A contextualização é algo que me instiga. Em meu caso isso equivale a dizer que tirar do contexto também me atrai. Na década de 1980, a Martin Claret publicou a coleção “O pensamento vivo”. Eu me lembrei, hoje pela manhã, do volume dedicado ao Jorge Luis Borges.
Na diagramação que faziam, havia máximas destacadas em algumas das páginas. No volume da coleção dedicado ao argentino, havia a seguinte: “Minha sepultura será o ar insondável”. Era algo que eu gostava de ler pela sonoridade (ainda que se trate de uma tradução), pela sensação que as palavras despertavam. Era um prazer que não passava por processos analíticos.
Em meus catorze ou quinze anos, eu achava a frase bonita, sonora; ainda acho. Eu não me preocupava em entendê-la; ainda não me preocupo. Bastavam-me os sons, a beleza etérea do que a frase me passava; compreender não era necessário. Mesmo hoje, existe essa não preocupação em analisar o trecho.
Anos depois, lendo a obra de Borges, eu me deparo com “minha sepultura será o ar insondável”. O trecho está no conto “A biblioteca de Babel”, do livro “Ficções”. Retiro o trecho de seu contexto e o cito abaixo, valendo-me de parte do parágrafo em que ele está. A tradução é de Carlos Nejar; a revisão da tradução, de Maria Carolina de Araujo:
“Como todos os homens da Biblioteca, viajei na minha juventude; peregrinei em busca de um livro, talvez do catálogo de catálogos; agora que meus olhos quase não podem decifrar o que escrevo, preparo-me para morrer, a poucas léguas do hexágono em que nasci. Morto, não faltarão mãos piedosas que me joguem pela balaustrada; minha sepultura será o ar insondável; meu corpo cairá demoradamente e se corromperá e dissolverá no vento gerado pela queda, que é infinita”.
Quando lia o “minha sepultura será o ar insondável” na edição da Marin Claret, eu pensava se tratar de um ensaio ou de um apontamento. Trata-se de ficção, de um conto; logo, há um narrador, que pode, ou não, concordar com Borges. Eu atribuía o trecho ao pensamento do poeta e contista, não ao pensamento de um narrador, mesmo ciente, é claro, de que o trecho pode ser um pensamento do Borges enunciado por um narrador inventado pelo contista.
Ter descoberto que o trecho é de um conto, de um narrador, e não de um apontamento ou de um ensaio, fez com que a citação se tornasse ainda mais magnética.

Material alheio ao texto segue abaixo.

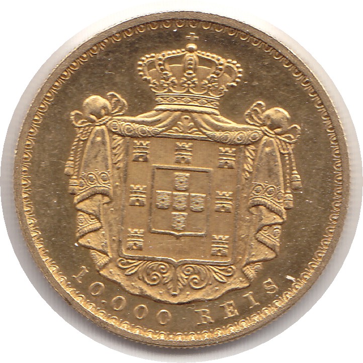 Coroa de Ouro da 4ª Dinastia cunhada durante o reinado de D. Luís I Trata-se de uma cunhagem mecânica, datada de 1880, e catalogada por Alberto Gomes segundo a numeração 17.03

No livro da Martin Claret, o trecho não estava no contexto original; saber que ele vem de uma ficção, e não de um texto referencial, torna atraente a decisão de atribuir ao Borges um enunciado que é de um de seus narradores.
Tiro do contexto mais um trecho borgiano, do conto “O jardim de veredas que se bifurcam”, também do livro “Ficções”. O trecho, retirado de seu contexto, passaria por opinião de articulista de algum jornal; tradutor e revisora são os profissionais mencionados acima: “Prevejo que o homem se resignará a cada dia a tarefas mais atrozes; breve só haverá guerreiros e bandidos”.
Saber do contexto pode fazer com que algo seja empobrecido ou enriquecido. Salvo engano foi durante o conflito em Kosovo (sinto que já contei essa história em algum outro texto; mas não estou certo disso): um superior disse a um soldado: “Deixa pra lá”. O soldado, momentos antes, encostando uma arma na cabeça de um prisioneiro, perguntara algo assim: “Posso atirar, comandante?”.